**EXERCISE REQUIREMENTS**: A faithful copy is needed. Set down all of the data below exactly.

(Stored data entries)
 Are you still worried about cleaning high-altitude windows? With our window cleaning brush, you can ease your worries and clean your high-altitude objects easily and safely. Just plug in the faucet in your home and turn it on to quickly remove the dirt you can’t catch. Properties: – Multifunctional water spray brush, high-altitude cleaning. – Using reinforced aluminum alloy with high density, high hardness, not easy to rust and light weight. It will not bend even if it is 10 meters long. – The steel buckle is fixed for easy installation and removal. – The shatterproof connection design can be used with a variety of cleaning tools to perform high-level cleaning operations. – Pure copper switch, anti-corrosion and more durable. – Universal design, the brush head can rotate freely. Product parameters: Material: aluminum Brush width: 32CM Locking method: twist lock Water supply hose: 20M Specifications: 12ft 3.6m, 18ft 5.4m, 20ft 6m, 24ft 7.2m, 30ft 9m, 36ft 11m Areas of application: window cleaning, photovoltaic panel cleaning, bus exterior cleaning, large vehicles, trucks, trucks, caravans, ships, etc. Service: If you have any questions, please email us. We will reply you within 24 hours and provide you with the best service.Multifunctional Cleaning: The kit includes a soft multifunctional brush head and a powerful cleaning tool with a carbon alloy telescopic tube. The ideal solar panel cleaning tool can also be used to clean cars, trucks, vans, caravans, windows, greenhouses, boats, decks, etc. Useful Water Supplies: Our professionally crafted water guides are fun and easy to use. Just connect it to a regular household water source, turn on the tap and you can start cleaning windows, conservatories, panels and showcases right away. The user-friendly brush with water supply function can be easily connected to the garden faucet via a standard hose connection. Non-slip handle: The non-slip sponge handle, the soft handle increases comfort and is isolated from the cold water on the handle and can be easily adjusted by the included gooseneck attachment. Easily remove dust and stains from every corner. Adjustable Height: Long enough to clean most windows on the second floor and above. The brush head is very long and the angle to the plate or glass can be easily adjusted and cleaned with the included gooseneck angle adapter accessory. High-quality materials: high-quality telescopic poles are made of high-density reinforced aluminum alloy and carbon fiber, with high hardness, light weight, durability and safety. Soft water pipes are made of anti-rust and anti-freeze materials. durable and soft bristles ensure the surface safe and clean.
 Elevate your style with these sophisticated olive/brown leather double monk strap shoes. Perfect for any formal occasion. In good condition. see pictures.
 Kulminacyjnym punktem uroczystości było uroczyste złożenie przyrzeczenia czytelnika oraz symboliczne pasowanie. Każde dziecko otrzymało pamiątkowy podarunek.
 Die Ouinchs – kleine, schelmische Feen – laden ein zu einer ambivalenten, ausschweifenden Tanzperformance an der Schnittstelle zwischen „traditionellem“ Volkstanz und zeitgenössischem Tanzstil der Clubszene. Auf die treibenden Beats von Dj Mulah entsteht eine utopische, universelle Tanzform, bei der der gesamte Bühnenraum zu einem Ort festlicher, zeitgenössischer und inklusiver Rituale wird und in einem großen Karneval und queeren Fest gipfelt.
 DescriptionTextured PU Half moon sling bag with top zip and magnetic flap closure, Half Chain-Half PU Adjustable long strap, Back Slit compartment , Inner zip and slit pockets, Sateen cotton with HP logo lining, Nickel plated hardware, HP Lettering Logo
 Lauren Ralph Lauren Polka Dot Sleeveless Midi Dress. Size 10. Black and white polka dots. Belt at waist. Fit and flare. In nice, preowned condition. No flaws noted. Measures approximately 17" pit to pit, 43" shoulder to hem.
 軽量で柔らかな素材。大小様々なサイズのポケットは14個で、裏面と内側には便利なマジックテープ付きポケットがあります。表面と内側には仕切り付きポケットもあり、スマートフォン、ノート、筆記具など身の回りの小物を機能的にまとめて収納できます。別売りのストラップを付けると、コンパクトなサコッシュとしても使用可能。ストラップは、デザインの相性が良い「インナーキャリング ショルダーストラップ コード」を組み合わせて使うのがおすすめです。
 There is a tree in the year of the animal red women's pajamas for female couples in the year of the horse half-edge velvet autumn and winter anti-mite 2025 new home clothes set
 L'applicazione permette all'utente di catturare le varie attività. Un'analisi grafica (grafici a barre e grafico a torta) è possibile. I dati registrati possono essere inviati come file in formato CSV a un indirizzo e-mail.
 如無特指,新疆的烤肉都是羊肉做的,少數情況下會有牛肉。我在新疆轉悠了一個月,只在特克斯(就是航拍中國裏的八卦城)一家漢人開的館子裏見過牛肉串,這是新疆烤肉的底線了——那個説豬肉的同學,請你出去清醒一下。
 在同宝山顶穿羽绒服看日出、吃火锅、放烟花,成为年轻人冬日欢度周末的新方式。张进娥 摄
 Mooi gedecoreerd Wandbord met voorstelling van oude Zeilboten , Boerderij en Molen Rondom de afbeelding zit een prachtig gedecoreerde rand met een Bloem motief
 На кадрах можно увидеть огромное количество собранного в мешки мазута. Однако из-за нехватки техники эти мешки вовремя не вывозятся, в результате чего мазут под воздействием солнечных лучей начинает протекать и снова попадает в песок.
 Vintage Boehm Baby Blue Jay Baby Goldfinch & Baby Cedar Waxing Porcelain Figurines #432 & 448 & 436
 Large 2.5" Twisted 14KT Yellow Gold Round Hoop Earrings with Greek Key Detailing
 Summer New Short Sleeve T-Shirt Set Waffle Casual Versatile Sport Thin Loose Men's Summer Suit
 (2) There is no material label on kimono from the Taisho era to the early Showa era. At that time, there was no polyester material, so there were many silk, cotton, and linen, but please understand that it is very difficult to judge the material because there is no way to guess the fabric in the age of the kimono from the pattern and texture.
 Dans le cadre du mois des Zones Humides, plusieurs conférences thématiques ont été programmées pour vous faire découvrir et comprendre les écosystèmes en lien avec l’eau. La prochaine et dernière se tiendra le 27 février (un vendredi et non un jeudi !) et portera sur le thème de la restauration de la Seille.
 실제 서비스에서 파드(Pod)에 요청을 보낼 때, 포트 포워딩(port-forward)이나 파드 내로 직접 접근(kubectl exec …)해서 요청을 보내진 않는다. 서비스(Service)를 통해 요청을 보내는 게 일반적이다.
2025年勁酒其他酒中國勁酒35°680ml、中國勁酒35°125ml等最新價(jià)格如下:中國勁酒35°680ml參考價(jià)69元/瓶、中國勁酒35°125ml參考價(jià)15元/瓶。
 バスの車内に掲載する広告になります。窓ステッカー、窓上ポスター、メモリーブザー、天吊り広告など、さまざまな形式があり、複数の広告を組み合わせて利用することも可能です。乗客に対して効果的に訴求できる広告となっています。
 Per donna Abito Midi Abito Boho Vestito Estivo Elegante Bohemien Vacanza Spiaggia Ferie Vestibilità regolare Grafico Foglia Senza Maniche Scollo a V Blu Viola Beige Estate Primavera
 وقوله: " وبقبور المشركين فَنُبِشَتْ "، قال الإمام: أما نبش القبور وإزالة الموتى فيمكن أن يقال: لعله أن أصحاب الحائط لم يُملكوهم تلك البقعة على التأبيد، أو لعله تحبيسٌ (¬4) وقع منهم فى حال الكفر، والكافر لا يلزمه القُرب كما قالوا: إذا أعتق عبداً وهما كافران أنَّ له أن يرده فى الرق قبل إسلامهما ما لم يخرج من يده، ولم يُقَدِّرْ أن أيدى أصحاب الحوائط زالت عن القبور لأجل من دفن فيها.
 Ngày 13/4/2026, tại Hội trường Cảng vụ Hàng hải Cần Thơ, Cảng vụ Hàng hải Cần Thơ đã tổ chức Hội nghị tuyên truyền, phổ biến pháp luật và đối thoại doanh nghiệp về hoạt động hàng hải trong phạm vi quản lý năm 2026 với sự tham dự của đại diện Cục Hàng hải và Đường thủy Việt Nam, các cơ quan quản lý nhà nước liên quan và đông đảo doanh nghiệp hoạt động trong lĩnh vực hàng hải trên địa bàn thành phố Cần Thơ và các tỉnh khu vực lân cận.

**RESPONSE BOX**:
 Are you still worried about cleaning high-altitude windows? With our window cleaning brush, you can ease your worries and clean your high-altitude objects easily and safely. Just plug in the faucet in your home and turn it on to quickly remove the dirt you can’t catch. Properties: – Multifunctional water spray brush, high-altitude cleaning. – Using reinforced aluminum alloy with high density, high hardness, not easy to rust and light weight. It will not bend even if it is 10 meters long. – The steel buckle is fixed for easy installation and removal. – The shatterproof connection design can be used with a variety of cleaning tools to perform high-level cleaning operations. – Pure copper switch, anti-corrosion and more durable. – Universal design, the brush head can rotate freely. Product parameters: Material: aluminum Brush width: 32CM Locking method: twist lock Water supply hose: 20M Specifications: 12ft 3.6m, 18ft 5.4m, 20ft 6m, 24ft 7.2m, 30ft 9m, 36ft 11m Areas of application: window cleaning, photovoltaic panel cleaning, bus exterior cleaning, large vehicles, trucks, trucks, caravans, ships, etc. Service: If you have any questions, please email us. We will reply you within 24 hours and provide you with the best service.Multifunctional Cleaning: The kit includes a soft multifunctional brush head and a powerful cleaning tool with a carbon alloy telescopic tube. The ideal solar panel cleaning tool can also be used to clean cars, trucks, vans, caravans, windows, greenhouses, boats, decks, etc. Useful Water Supplies: Our professionally crafted water guides are fun and easy to use. Just connect it to a regular household water source, turn on the tap and you can start cleaning windows, conservatories, panels and showcases right away. The user-friendly brush with water supply function can be easily connected to the garden faucet via a standard hose connection. Non-slip handle: The non-slip sponge handle, the soft handle increases comfort and is isolated from the cold water on the handle and can be easily adjusted by the included gooseneck attachment. Easily remove dust and stains from every corner. Adjustable Height: Long enough to clean most windows on the second floor and above. The brush head is very long and the angle to the plate or glass can be easily adjusted and cleaned with the included gooseneck angle adapter accessory. High-quality materials: high-quality telescopic poles are made of high-density reinforced aluminum alloy and carbon fiber, with high hardness, light weight, durability and safety. Soft water pipes are made of anti-rust and anti-freeze materials. durable and soft bristles ensure the surface safe and clean.
 Elevate your style with these sophisticated olive/brown leather double monk strap shoes. Perfect for any formal occasion. In good condition. see pictures.
 Kulminacyjnym punktem uroczystości było uroczyste złożenie przyrzeczenia czytelnika oraz symboliczne pasowanie. Każde dziecko otrzymało pamiątkowy podarunek.
 Die Ouinchs – kleine, schelmische Feen – laden ein zu einer ambivalenten, ausschweifenden Tanzperformance an der Schnittstelle zwischen „traditionellem“ Volkstanz und zeitgenössischem Tanzstil der Clubszene. Auf die treibenden Beats von Dj Mulah entsteht eine utopische, universelle Tanzform, bei der der gesamte Bühnenraum zu einem Ort festlicher, zeitgenössischer und inklusiver Rituale wird und in einem großen Karneval und queeren Fest gipfelt.
 DescriptionTextured PU Half moon sling bag with top zip and magnetic flap closure, Half Chain-Half PU Adjustable long strap, Back Slit compartment , Inner zip and slit pockets, Sateen cotton with HP logo lining, Nickel plated hardware, HP Lettering Logo
 Lauren Ralph Lauren Polka Dot Sleeveless Midi Dress. Size 10. Black and white polka dots. Belt at waist. Fit and flare. In nice, preowned condition. No flaws noted. Measures approximately 17" pit to pit, 43" shoulder to hem.
 軽量で柔らかな素材。大小様々なサイズのポケットは14個で、裏面と内側には便利なマジックテープ付きポケットがあります。表面と内側には仕切り付きポケットもあり、スマートフォン、ノート、筆記具など身の回りの小物を機能的にまとめて収納できます。別売りのストラップを付けると、コンパクトなサコッシュとしても使用可能。ストラップは、デザインの相性が良い「インナーキャリング ショルダーストラップ コード」を組み合わせて使うのがおすすめです。
 There is a tree in the year of the animal red women's pajamas for female couples in the year of the horse half-edge velvet autumn and winter anti-mite 2025 new home clothes set
 L'applicazione permette all'utente di catturare le varie attività. Un'analisi grafica (grafici a barre e grafico a torta) è possibile. I dati registrati possono essere inviati come file in formato CSV a un indirizzo e-mail.
 如無特指,新疆的烤肉都是羊肉做的,少數情況下會有牛肉。我在新疆轉悠了一個月,只在特克斯(就是航拍中國裏的八卦城)一家漢人開的館子裏見過牛肉串,這是新疆烤肉的底線了——那個説豬肉的同學,請你出去清醒一下。
 在同宝山顶穿羽绒服看日出、吃火锅、放烟花,成为年轻人冬日欢度周末的新方式。张进娥 摄
 Mooi gedecoreerd Wandbord met voorstelling van oude Zeilboten , Boerderij en Molen Rondom de afbeelding zit een prachtig gedecoreerde rand met een Bloem motief
 На кадрах можно увидеть огромное количество собранного в мешки мазута. Однако из-за нехватки техники эти мешки вовремя не вывозятся, в результате чего мазут под воздействием солнечных лучей начинает протекать и снова попадает в песок.
 Vintage Boehm Baby Blue Jay Baby Goldfinch & Baby Cedar Waxing Porcelain Figurines #432 & 448 & 436
 Large 2.5" Twisted 14KT Yellow Gold Round Hoop Earrings with Greek Key Detailing
 Summer New Short Sleeve T-Shirt Set Waffle Casual Versatile Sport Thin Loose Men's Summer Suit
 (2) There is no material label on kimono from the Taisho era to the early Showa era. At that time, there was no polyester material, so there were many silk, cotton, and linen, but please understand that it is very difficult to judge the material because there is no way to guess the fabric in the age of the kimono from the pattern and texture.
 Dans le cadre du mois des Zones Humides, plusieurs conférences thématiques ont été programmées pour vous faire découvrir et comprendre les écosystèmes en lien avec l’eau. La prochaine et dernière se tiendra le 27 février (un vendredi et non un jeudi !) et portera sur le thème de la restauration de la Seille.
 실제 서비스에서 파드(Pod)에 요청을 보낼 때, 포트 포워딩(port-forward)이나 파드 내로 직접 접근(kubectl exec …)해서 요청을 보내진 않는다. 서비스(Service)를 통해 요청을 보내는 게 일반적이다.
2025年勁酒其他酒中國勁酒35°680ml、中國勁酒35°125ml等最新價(jià)格如下:中國勁酒35°680ml參考價(jià)69元/瓶、中國勁酒35°125ml參考價(jià)15元/瓶。
 バスの車内に掲載する広告になります。窓ステッカー、窓上ポスター、メモリーブザー、天吊り広告など、さまざまな形式があり、複数の広告を組み合わせて利用することも可能です。乗客に対して効果的に訴求できる広告となっています。
 Per donna Abito Midi Abito Boho Vestito Estivo Elegante Bohemien Vacanza Spiaggia Ferie Vestibilità regolare Grafico Foglia Senza Maniche Scollo a V Blu Viola Beige Estate Primavera
 وقوله: " وبقبور المشركين فَنُبِشَتْ "، قال الإمام: أما نبش القبور وإزالة الموتى فيمكن أن يقال: لعله أن أصحاب الحائط لم يُملكوهم تلك البقعة على التأبيد، أو لعله تحبيسٌ (¬4) وقع منهم فى حال الكفر، والكافر لا يلزمه القُرب كما قالوا: إذا أعتق عبداً وهما كافران أنَّ له أن يرده فى الرق قبل إسلامهما ما لم يخرج من يده، ولم يُقَدِّرْ أن أيدى أصحاب الحوائط زالت عن القبور لأجل من دفن فيها.
 Ngày 13/4/2026, tại Hội trường Cảng vụ Hàng hải Cần Thơ, Cảng vụ Hàng hải Cần Thơ đã tổ chức Hội nghị tuyên truyền, phổ biến pháp luật và đối thoại doanh nghiệp về hoạt động hàng hải trong phạm vi quản lý năm 2026 với sự tham dự của đại diện Cục Hàng hải và Đường thủy Việt Nam, các cơ quan quản lý nhà nước liên quan và đông đảo doanh nghiệp hoạt động trong lĩnh vực hàng hải trên địa bàn thành phố Cần Thơ và các tỉnh khu vực lân cận.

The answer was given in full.